I’ve just found in an old note-book a poem, with no author’s name attached, which is rather relevant to something we were talking about a few weeks ago—I mean, the haunting fear that there is no one listening, and that what we call prayer is soliloquy: someone talking to himself. This writer takes the bull by the horns and says in effect: “Very well, suppose it is”, and gets a surprising result. Here is the poem:

The Poem

They tell me, Lord that when I seem
To be in speech with you,
Since but one voice is heard, it’s all a dream,
One talker aping two.

Sometimes it is, yet not as they
Conceive it. Rather, I
Seek in myself the things I hoped to say,
But lo!, my wells are dry.

Then, seeing me empty, you forsake
The listener’s role and through
My dumb lips breathe and into utterance wake
The thoughts I never knew.

And thus you neither need reply
Nor can; thus, while we seem
Two talkers, thou are One forever, and I
No dreamer, but thy dream.

Comments (C.S. Lewis)

Dream makes it too like Pantheism and was perhaps dragged in for the rhyme.

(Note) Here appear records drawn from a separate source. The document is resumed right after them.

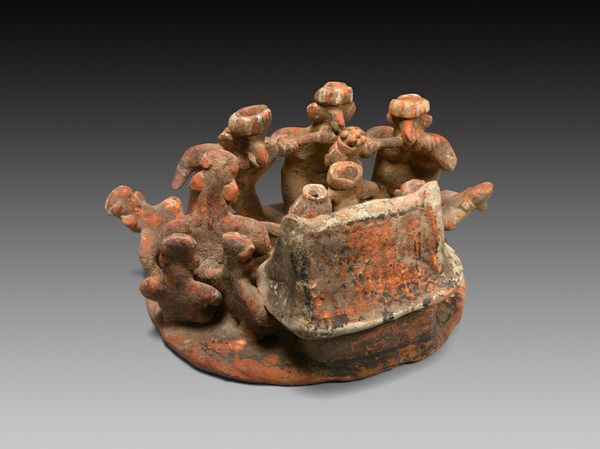 This is a terracotta model of a tree-climbing ritual made by an artist from Nayarit, in modern-day Mexico. It is now housed at the Art Institute of Chicago. The scene presents a community gathering around a stylized tree. There are men climbing and children playing with dogs on the ground. The figures wear cone-shaped hats, possibly indicating their status or role in the ritual. The tree may well have held great cultural and spiritual importance in Nayarit society. The sculpture offers insights into the social and religious practices of the people in the region. Its presence in an institution like the Art Institute allows us to study and appreciate the artistic expressions of cultures outside the Western canon. To understand the ritual and the social structure of the Nayarit people, we can delve into archaeological reports, anthropological studies, and historical accounts of the region. By doing so, we can better understand the cultural context in which this piece was created.
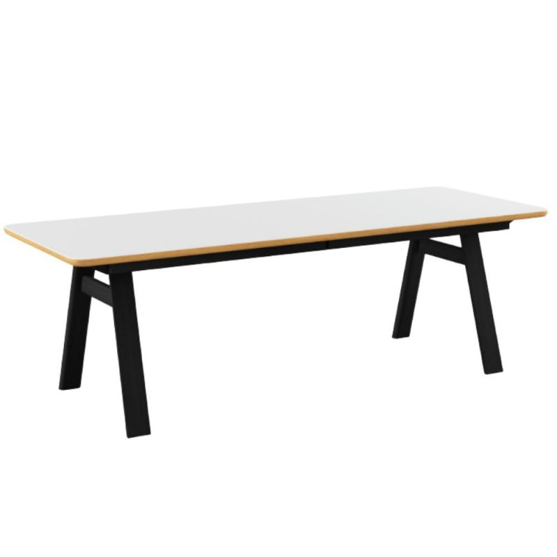 Chess ist mit einem Butterfly-Auszug in der Mitte gestaltet, der eine leichte und elegante Verlängerung des Tisches ermöglicht und den Tisch zu einem naheliegenden Treffpunkt macht. Der Tisch ist mit einer Oberfläche aus Corian gestaltet, die sowohl praktisch ist als auch einen schönen Kontrast zur massiven Holzkante bildet.
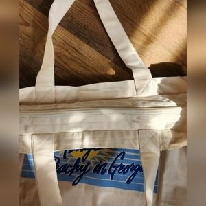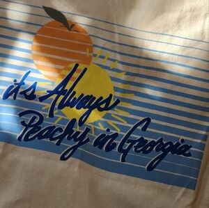 "It's Always Peachy in Georgia" zippered tote, 2 side pockets and zippered pouch on inside, tiny mark as shown in pic.
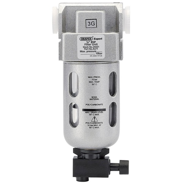 Expert Quality, cleans and dries compressed air. Manual/Semi automatic drain with 10 micron filter. Maximum inlet pressure 10bar/145psi. Display carton.
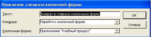 Аналогичным образом в каждой подчиненной кнопочной форме создадим кнопки возврата в главную кнопочную форму, выбрав команду Переход к кнопочной форме, и указав в качестве объекта перехода кнопочную форму Приложение «Учебный процесс» (рис. 38).
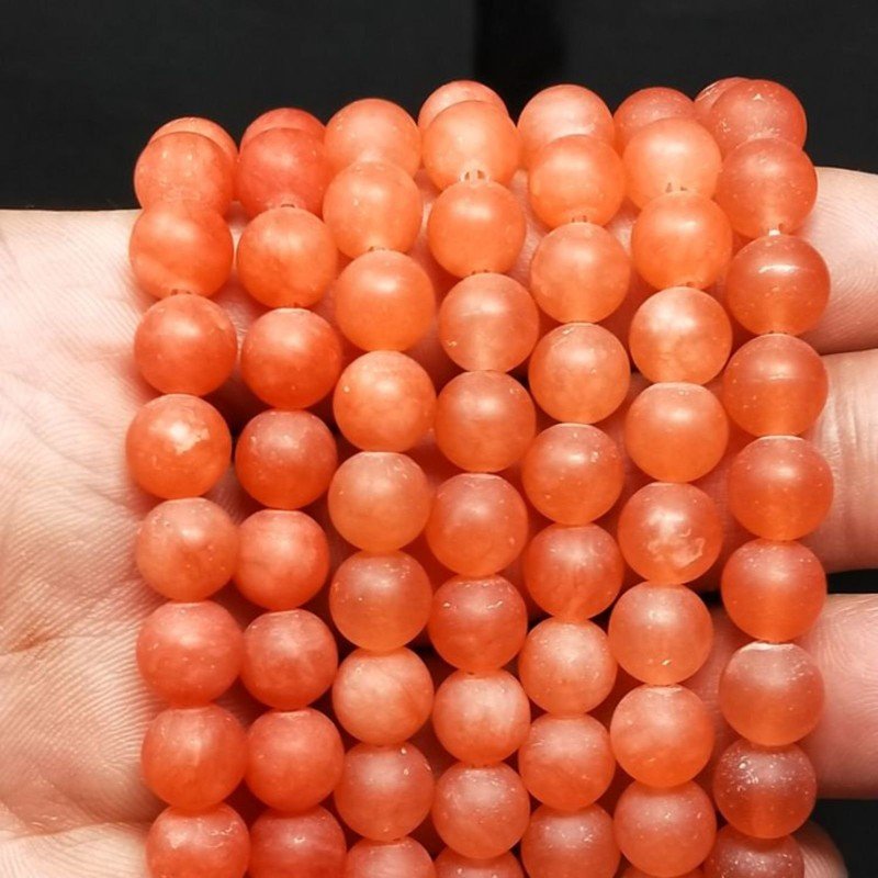 Giada Arancia Satinato-Matte Perline Forma Tondo Liscio 08mm
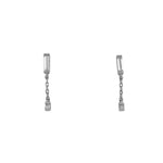 A front view of sterling silver mixed cut crystal drop studs on a white background.
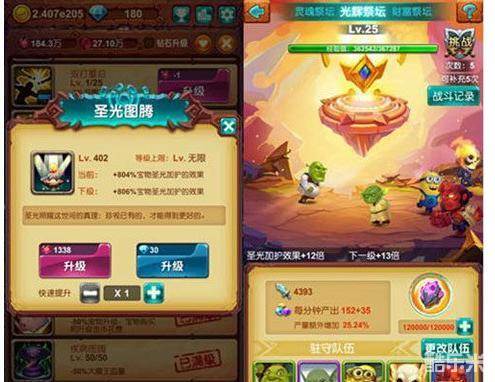 既然圣光转移如此之难,那勇者们只能从增加圣光单体强度的方面来提升自我了。届时图腾与祭坛的作用就脱颖而出,“圣光图腾”可以通过无限制升级来提升圣光对宝物的援护效果,只要一直升级该图腾,圣光所带来的攻击力加成可是无穷无尽的哦~其次就是“光辉祭坛”对圣光的提升效果了,虽然不如图腾提升的那样明显,但是终归是有所提升的,所以勇者们一定不能将其放弃!
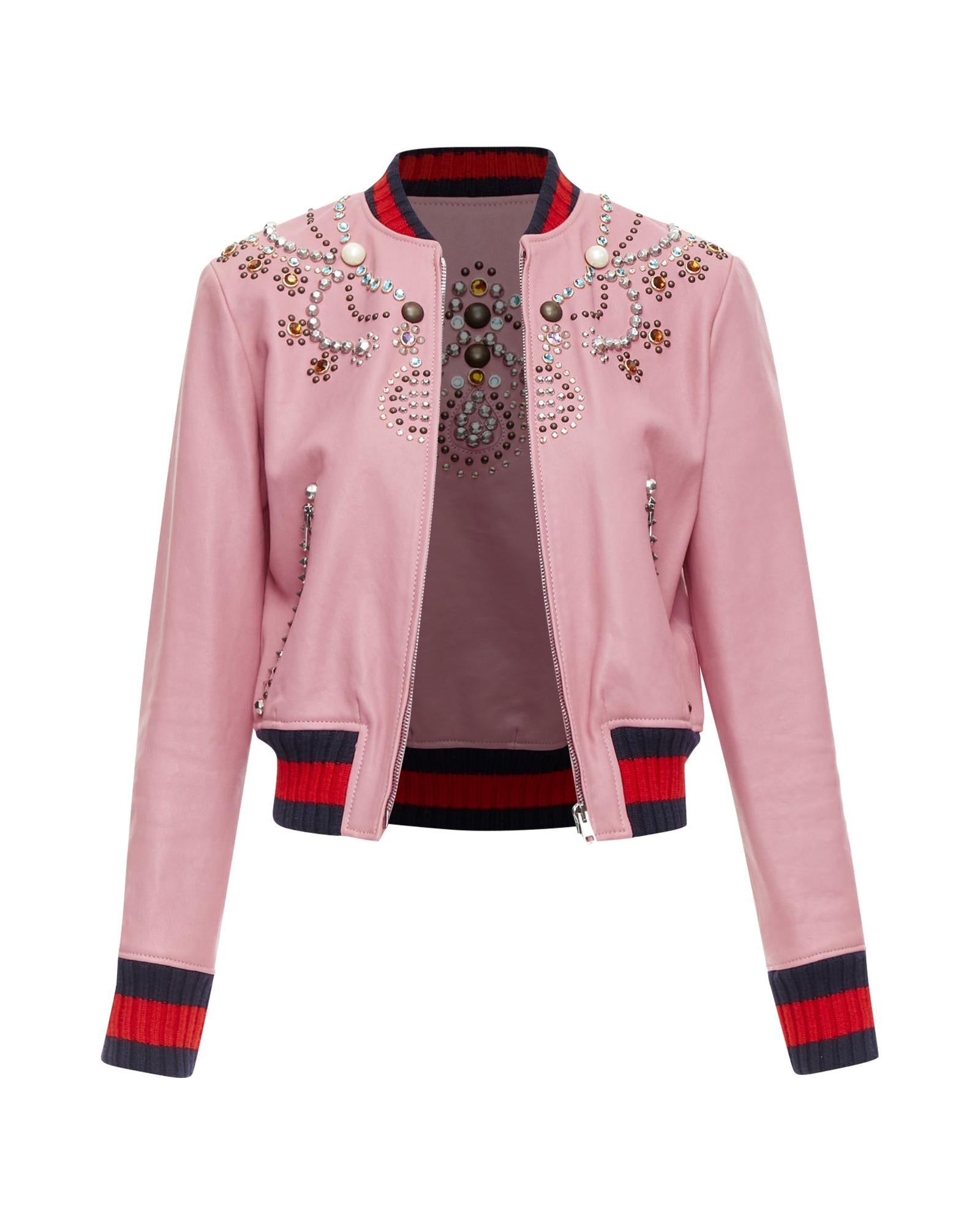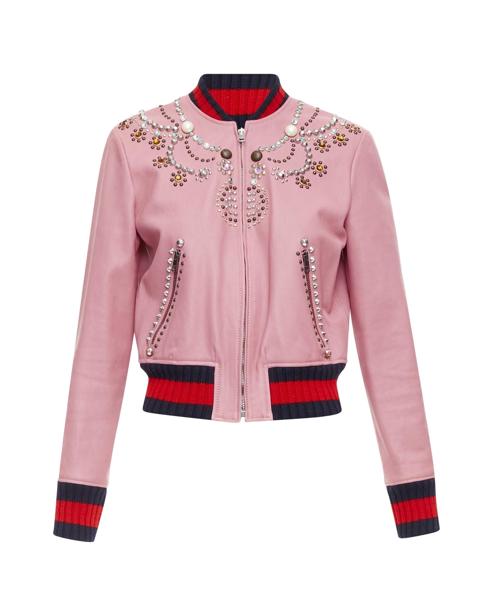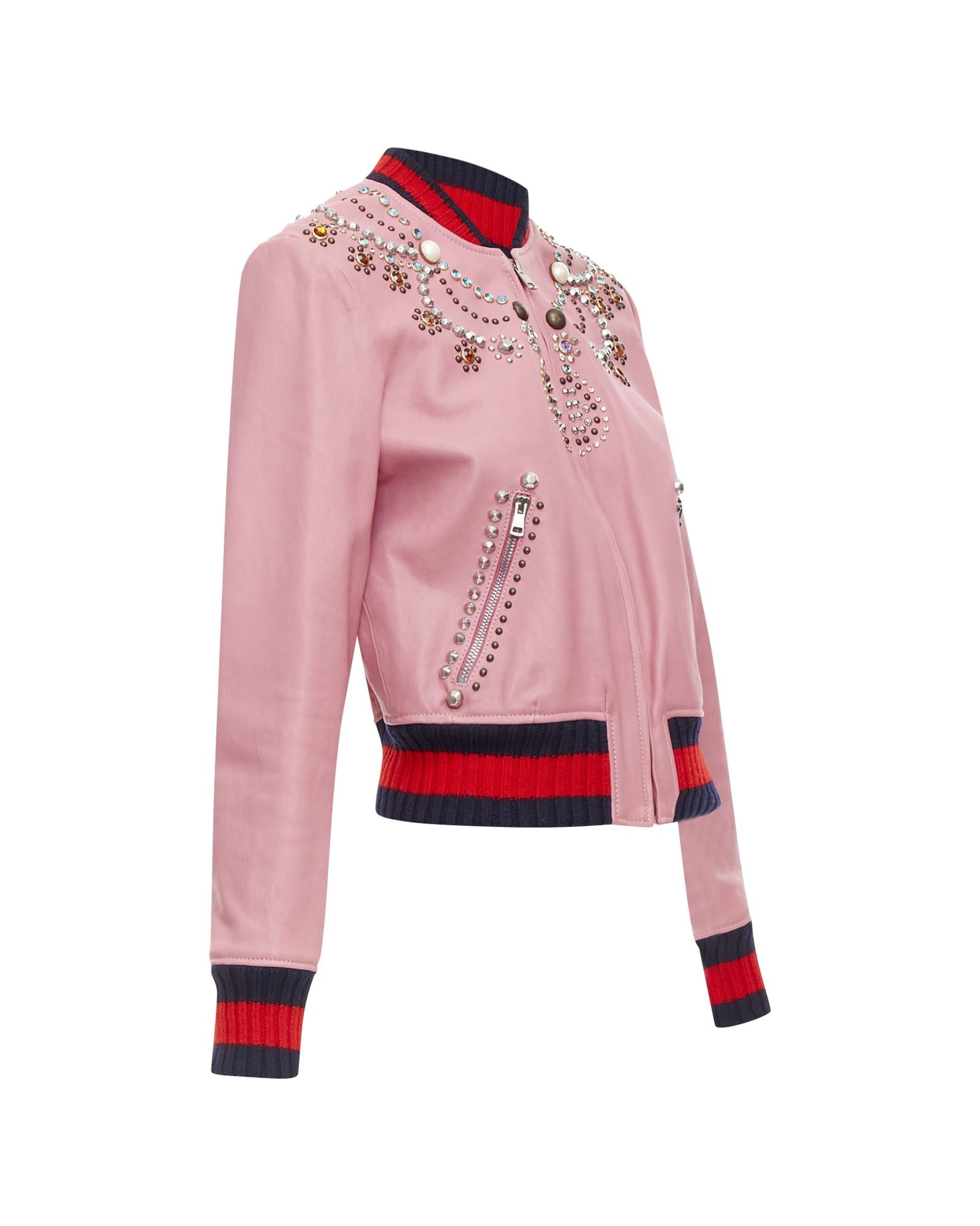 Pre-owned Embellished Leather Jacket with Zip Closure and Ribbed Details

But is he not right in thinking that prayer in its most perfect state is a soliloquy? If the Holy Spirit speaks in the man, then in prayer God speaks to God. But the human petitioner does not therefore become a “dream”. As you said the other day,God and man cannot exclude one another, as man excludes man, at the point of junction, so to call it, between Creator and creature; the point where the mystery of creation—timeless for God, and incessant in time for us—is actually taking place.“God did (or said) it” and “I did (or said) it” can both be true.